Incomplete original descriptions, the unavailability or poor conditions of specimens and the lack of detailed redescriptions have caused the validity of several species of the genus Encotyllabe Diesing, 1850 to be questioned. To date, seven of the recognized species were described upon one or two specimens, hindering study of intraspecific variations. This was made worse by considering few morphoanatomical differences sufficient to erect new species. Among Encotyllabe spp. occurring in Mediterranean waters, E. vallei was first described from the gilt-head bream Sparus aurata (Sparidae) off Italy. Although beautifully illustrated for a paper from that century, morphometric data for E. vallei from the type-host S. aurata remain unavailable. Previous records of E. vallei provided either morphometrical or molecular data, and its validity was questioned.
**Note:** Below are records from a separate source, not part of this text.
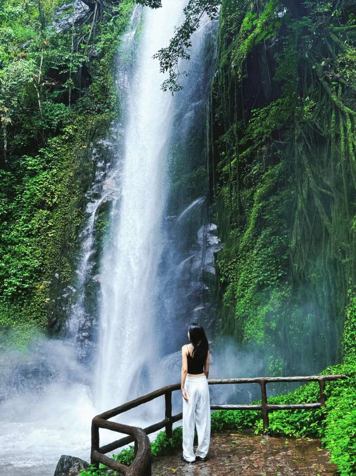 接着游玩【莫里热带雨林】,天然森林氧吧,我们在这里轻徒步观景,多种热带和亚热带植物,根盘如网的树包石,循跌水声前行至峡谷尽头,眼界也忽然开阔,并见到一条约60米高的瀑布,这就是【莫里瀑布】。
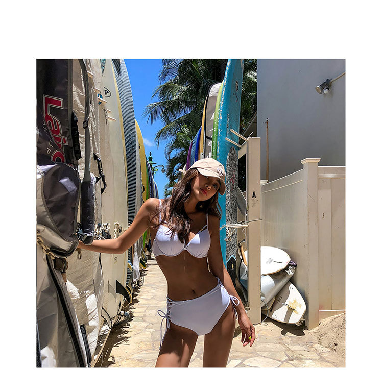 Ins 레트로 비키니 섹시 개더 딥 V 하이 웨이스트 슬리밍 온천 수영복 여성용 단색 간단한 유럽과 미국 비키니스토어 가기
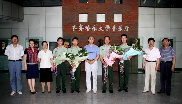 校长唱江华、校党委副书记王凤琴亲切会见了“齐齐哈尔抗震救灾英模事迹报告团”成员:市消防支队副支队长、赴川抗震救灾突击队队长石家滨同志,市消防支队三中队副中队长、三江突击分队队员王兆敏同志,市消防支队特勤大队中队长、北川突击分队队员刘凯同志,市消防支队一中队四川籍战士王家强同志,并与他们合影留念。
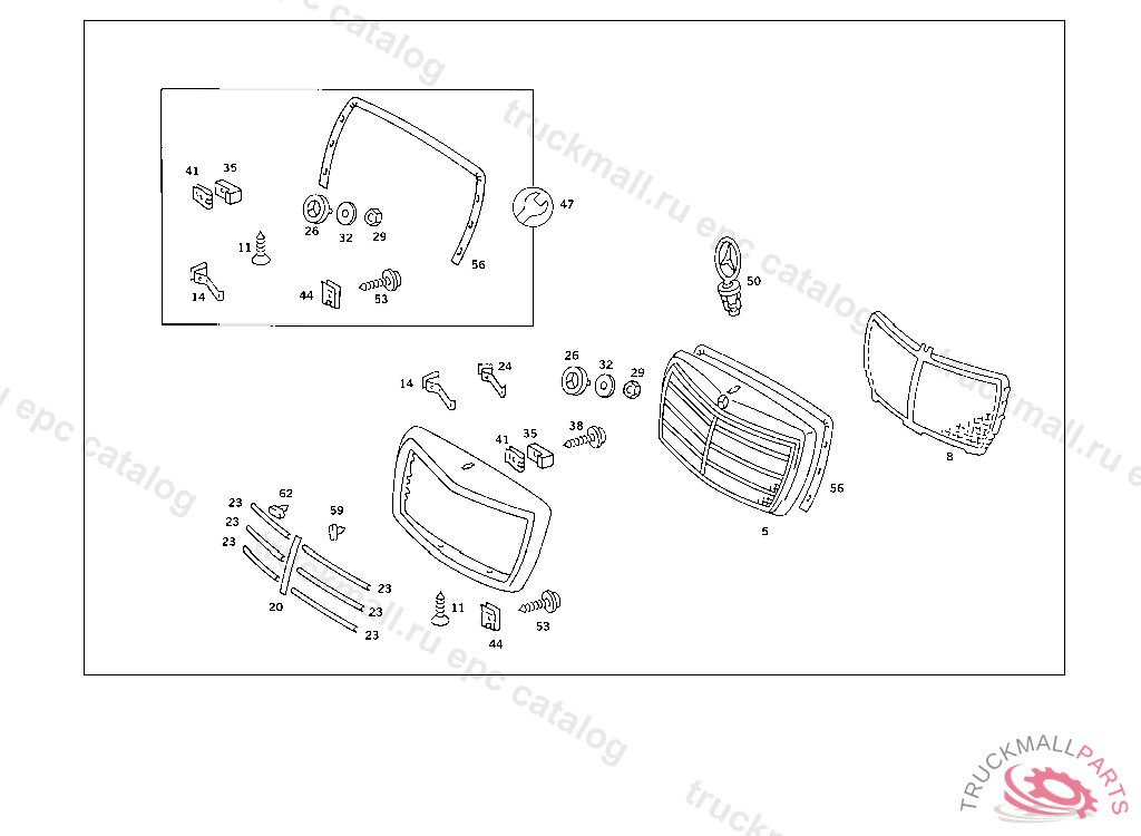 RADIATOR GRILLE SHELL , EXHAUST STOCK OF OLD PART NUMBERS FIRST UP TO IDENT NO.: A 307160, Replaced By: A1268800883
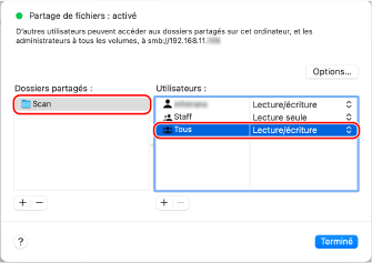 Pour [Dossiers partagés], sélectionnez le dossier créé.
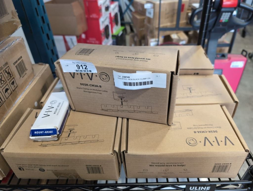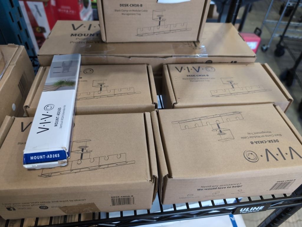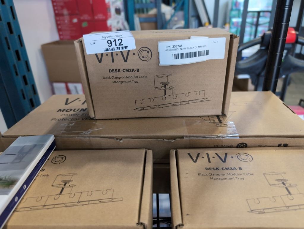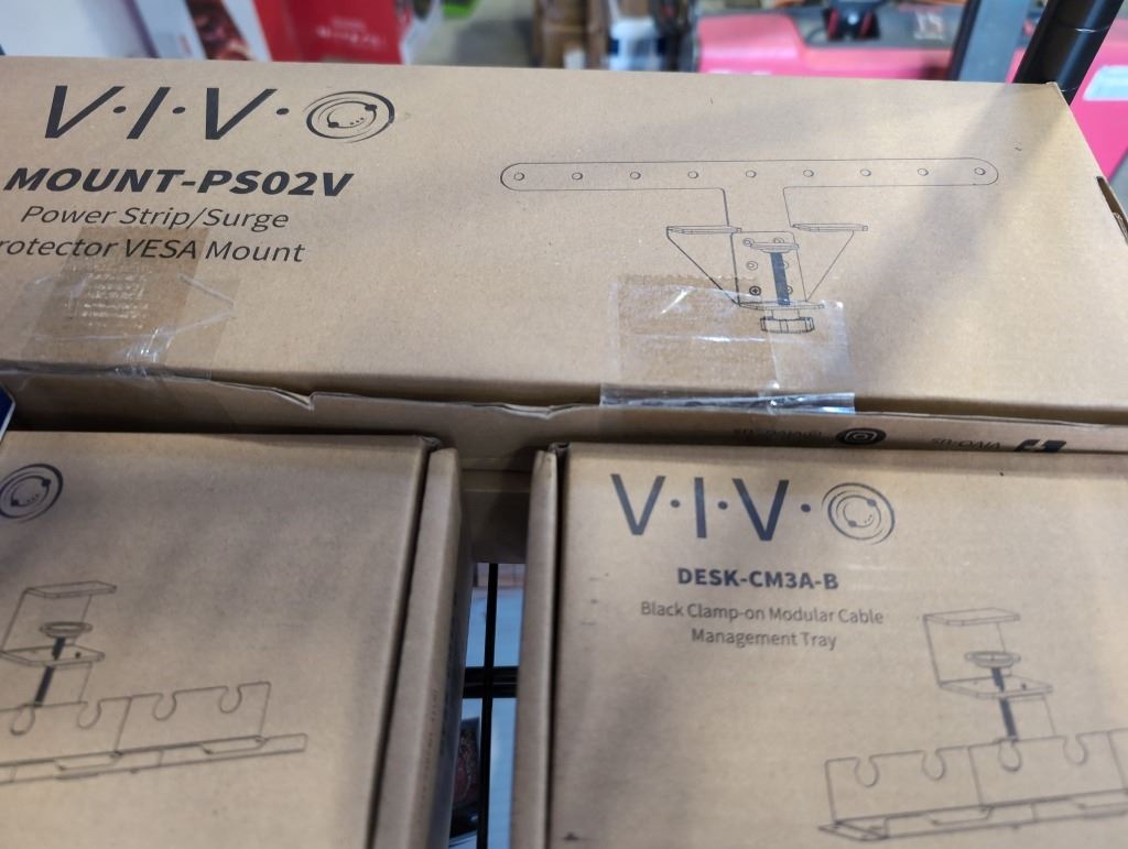 ASSORTED NEW BLACK CLAMP ON MODULAR CABLE MANAGEMENT TRAYS AND NEW VESA SURGE POROTECTOR POWER STRIP MOUNTS
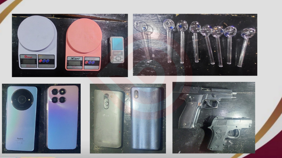 En el lugar se localizaron además tres básculas grameras, ocho pipas de cristal y diversas bolsas de sellado hermético utilizadas para la dosificación de droga, así como dos armas hechizas y equipos de telefonía presuntamente empleados para el contacto y la distribución de las sustancias.
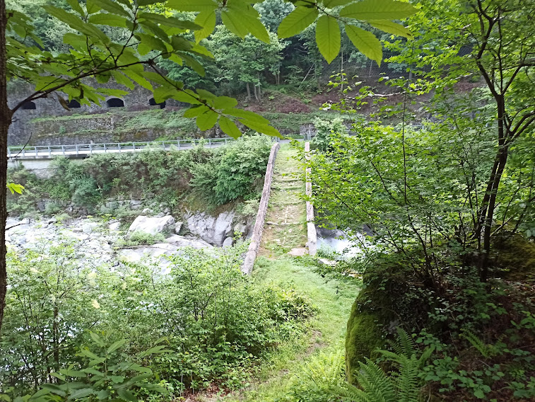 Diretti a sud raggiungiamo rapidamente la cava dismessa, 415, in corrispondenza di un altro ponte. Di qui si sale anche agli alpeggi di Algnime e Nugno. Dopo un breve strappo in salita si scende dolcemente fino al ponte romano chiamato Ponte Nuovo (mezz’ora). Qui si deve scendere di una decina di metri e proseguire sul sentiero basso. Troviamo un altro breve strappo in salita e poi leggeri saliscendi in questo tratto piuttosto accidentato sulle enormi frane che, abbinate alle piene del Diveria, cancellarono nel 1951 e 1958 la frazione di San Giovanni.
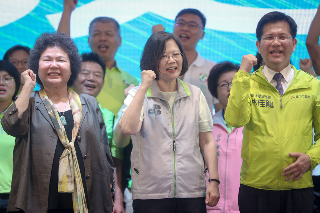 ▲總統蔡英文替台中市長林佳龍授旗。(圖/民進黨提供)
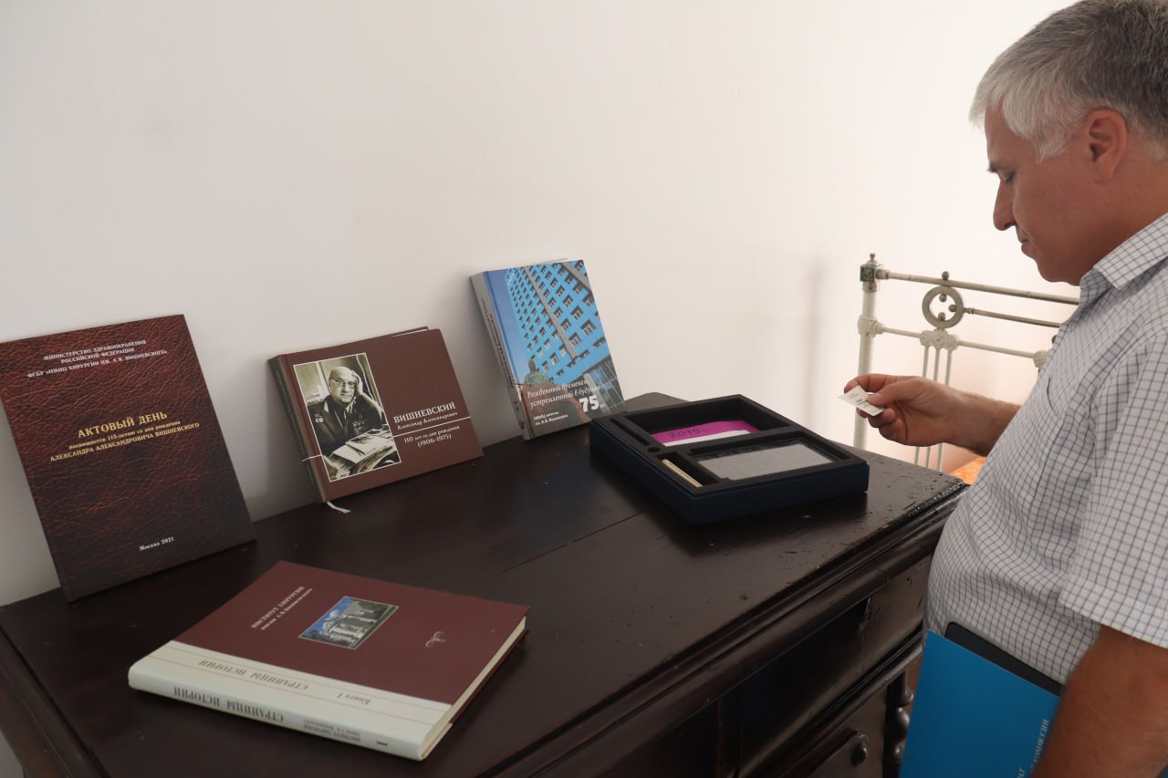 В память о встрече в дар Дому-музею от врачей-коллег ожогового Центра Махачкалы Андрей Алексеев передал памятные подарки.
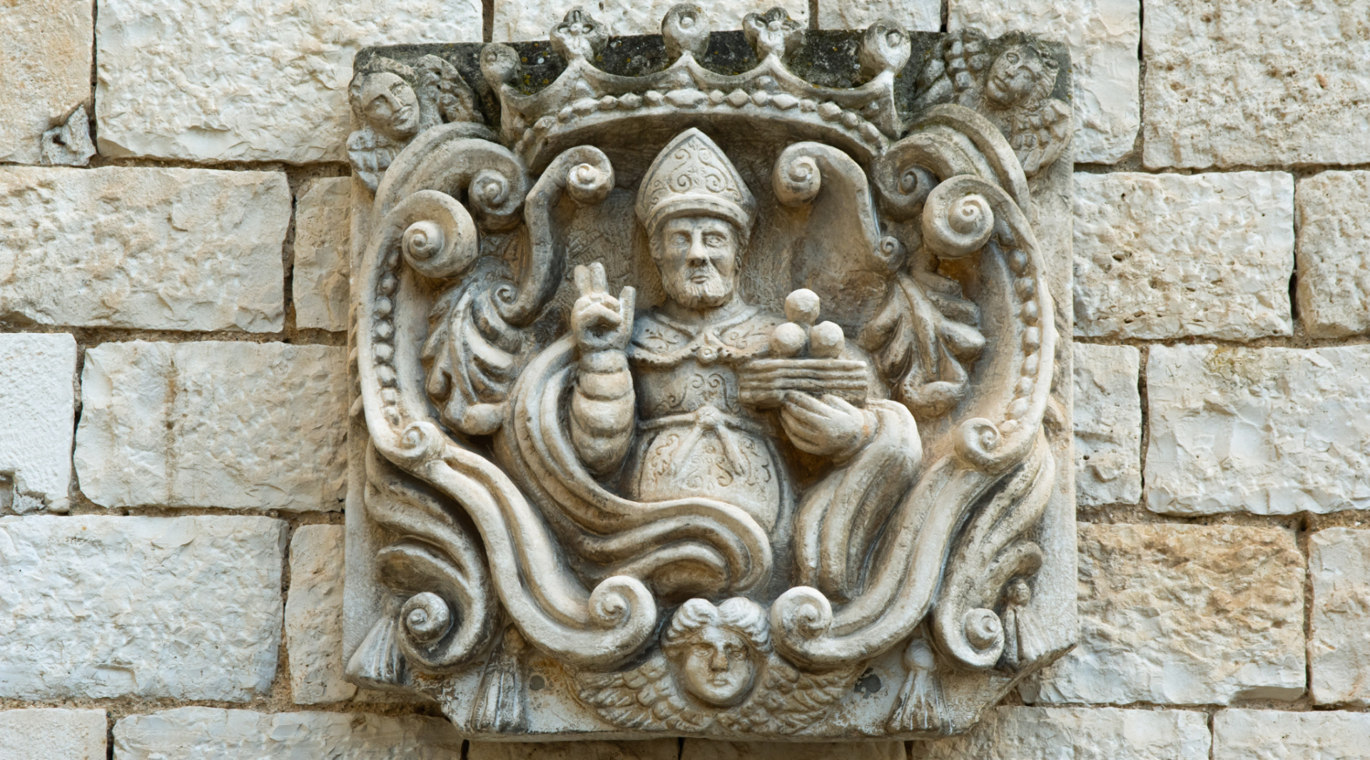 Scultura in pietra sulla facciata della Basilica del Santo a Bari
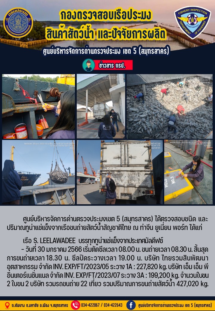 การตรวจสอบเรือขนถ่ายไทยชื่อ S. LEELAWADEE รับปลาทูน่าแช่แข็งจากประเทศมัลดีฟส์ แจ้งเข้าวันที่ 30 มกราคม 2566
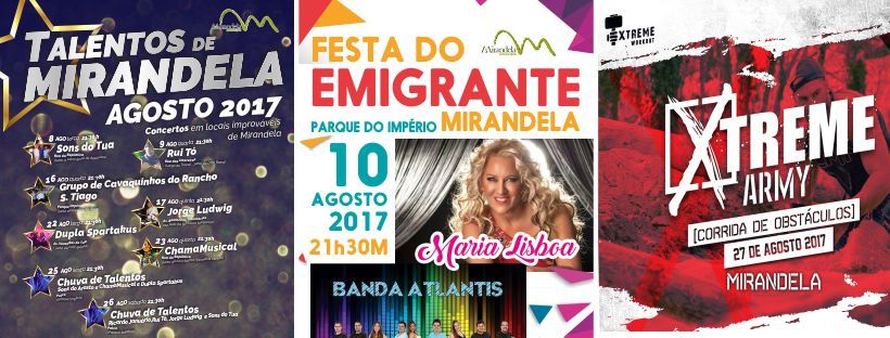 A Festa do Emigrante é já no dia 10 de agosto, a partir das 21h30, no Parque do Império e é uma homenagem da Câmara Municipal de Mirandela aos emigrantes que tradicionalmente nos visitam nesta época do ano. O cartaz é composto por duas atuações: a Maria Lisboa e a Banda Atlantis, a não perder.

We provide a redescription of E. vallei based on newly collected specimens from the S. aurata from the southwestern Mediterranean (off Algeria) using integrative taxonomy. Analysis of cox1 sequences of E. vallei from S. aurata, compared to sequences from other sparid hosts, mainly Pagellus bogaraveo, revealed a divergence not exceeding 2%, suggesting a stenoxenic specificity for this monogenean. Given that P. bogaraveo is the type-host for Encotyllabe pagelli, we were tempted to suggest a synonymy between E. vallei and E. pagelli. We refrained from doing so because E. pagelli was first described from the Atlantic coast off Brest, France. Morphological data for Encotyllabe from P. bogaraveo are warranted assessing the host specificity of E. vallei and whether there might be a species complex within individual sparid fish species.